▶ **TASK TO CARRY OUT**
No pictures go in the copy. Restate, word for word, each line from the one containing "Model: A49350LA/BA07-DPT - CASE" through the last line below.

▶ **SUPPLIED INFORMATION**
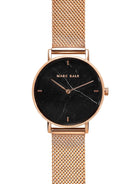 The highlight of the Gaia Crépuscule is its genuine black marble dial, subtly veined with white. Each marble dial is one-of-a-kind, showcasing nature's unique patterns, making every watch truly distinctive. The deep, rich tones of the marble dial add a touch of mystery, perfectly balanced by the luminous rose gold elements.
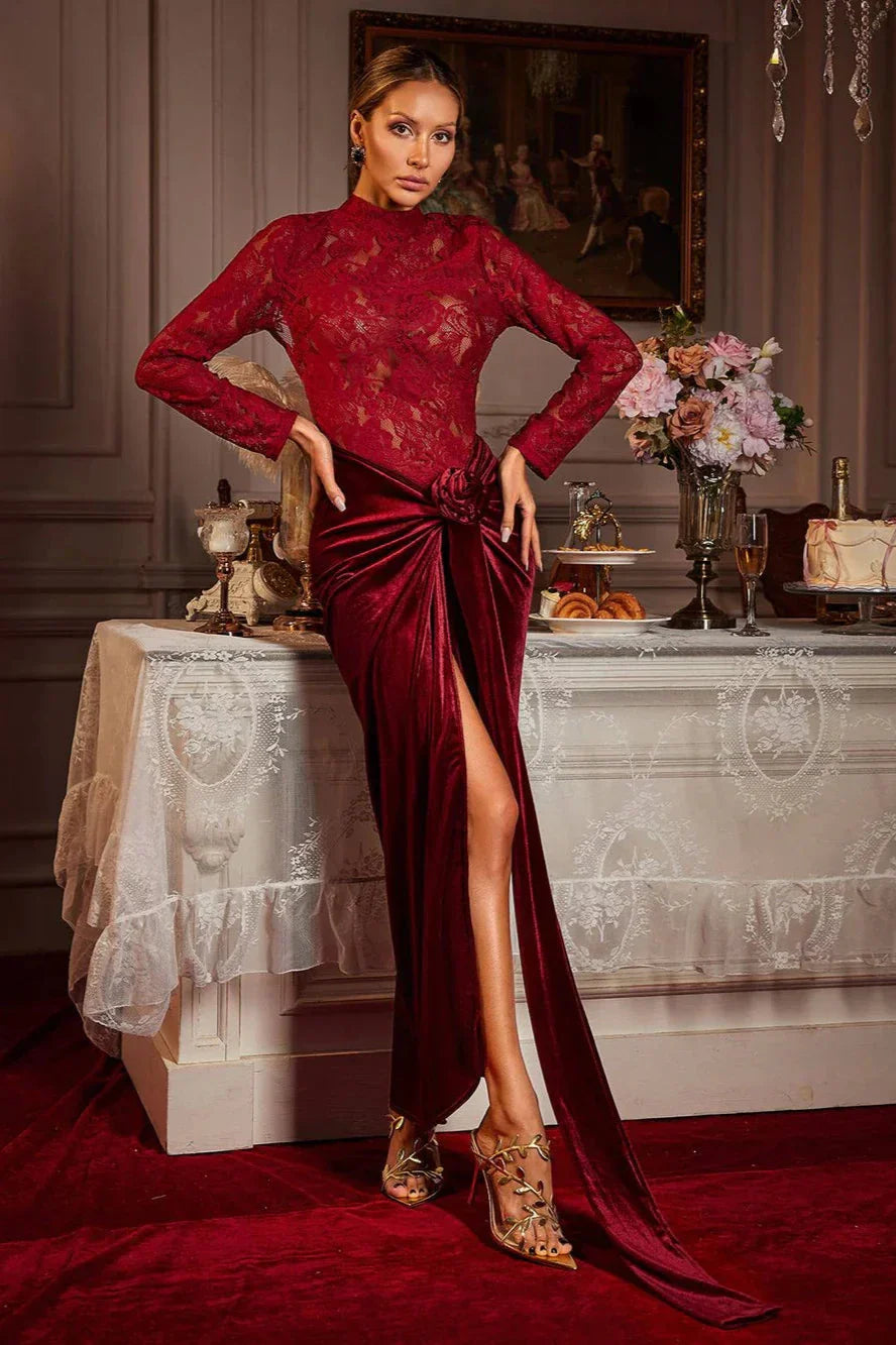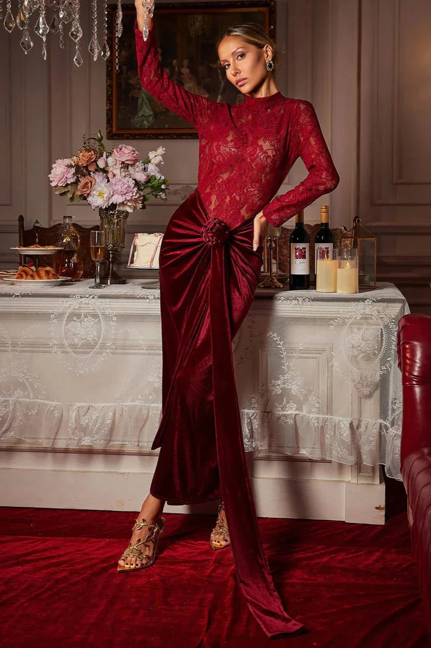 Hazel Çiçek Dantelli Bölünmüş Dantel Kadife Maxi Elbise
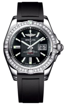 Model: A49350LA/BA07-DPT - CASE = [Material:Polished Stainless Steel], [Case Diameter:41], [Case Thickness:14mm], [Bezel:Set with 40 Diamonds, Uni-Directional Rotating], [Case Back:Solid], [Water Resistant:300 Meters / 1000 Feet], [Crystal:Scratch Resistant Sapphire], DIAL = [Color:Ivory Black with Index Hour Markers and Large Double Date at 3], MOVEMENT = [Type:Automatic Self Winding Chronometer], [Crown:Screw Down], BAND = [Clasp:Tang Buckle], [Type:Black Diver Pro ll Rubber],  (Usually ships in 1 to 2 weeks.)
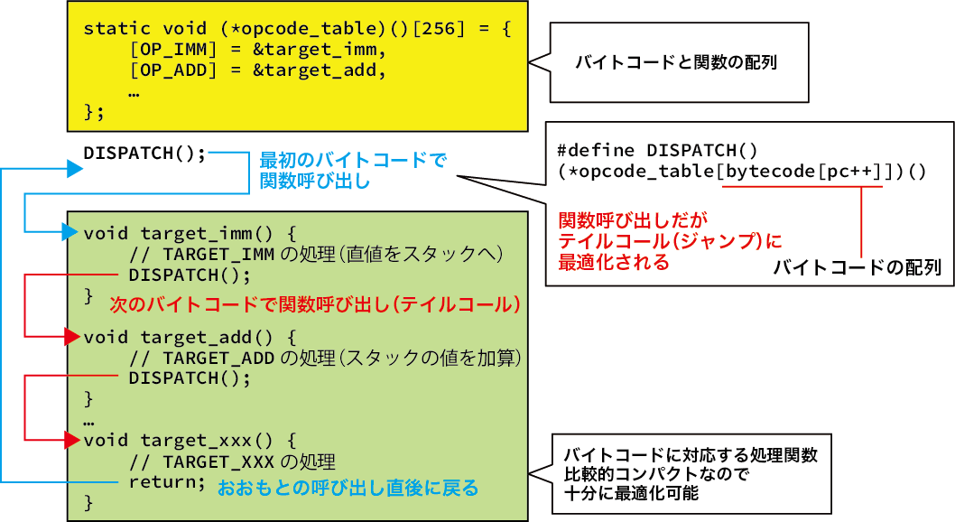 バイトコードの各処理を関数に分離したら、最適化も実行しやすくなり、コードの見通しがよくなりますが、今度は関数呼び出しのためのオーバーヘッドが発生します。そこで、テイルコールによって最後の関数呼び出しをジャンプ命令に置き換え、スタック操作を最小限にして実行効率の向上を図ります。

▶ **WRITTEN RESPONSE**
 Model: A49350LA/BA07-DPT - CASE = [Material:Polished Stainless Steel], [Case Diameter:41], [Case Thickness:14mm], [Bezel:Set with 40 Diamonds, Uni-Directional Rotating], [Case Back:Solid], [Water Resistant:300 Meters / 1000 Feet], [Crystal:Scratch Resistant Sapphire], DIAL = [Color:Ivory Black with Index Hour Markers and Large Double Date at 3], MOVEMENT = [Type:Automatic Self Winding Chronometer], [Crown:Screw Down], BAND = [Clasp:Tang Buckle], [Type:Black Diver Pro ll Rubber],  (Usually ships in 1 to 2 weeks.)
 バイトコードの各処理を関数に分離したら、最適化も実行しやすくなり、コードの見通しがよくなりますが、今度は関数呼び出しのためのオーバーヘッドが発生します。そこで、テイルコールによって最後の関数呼び出しをジャンプ命令に置き換え、スタック操作を最小限にして実行効率の向上を図ります。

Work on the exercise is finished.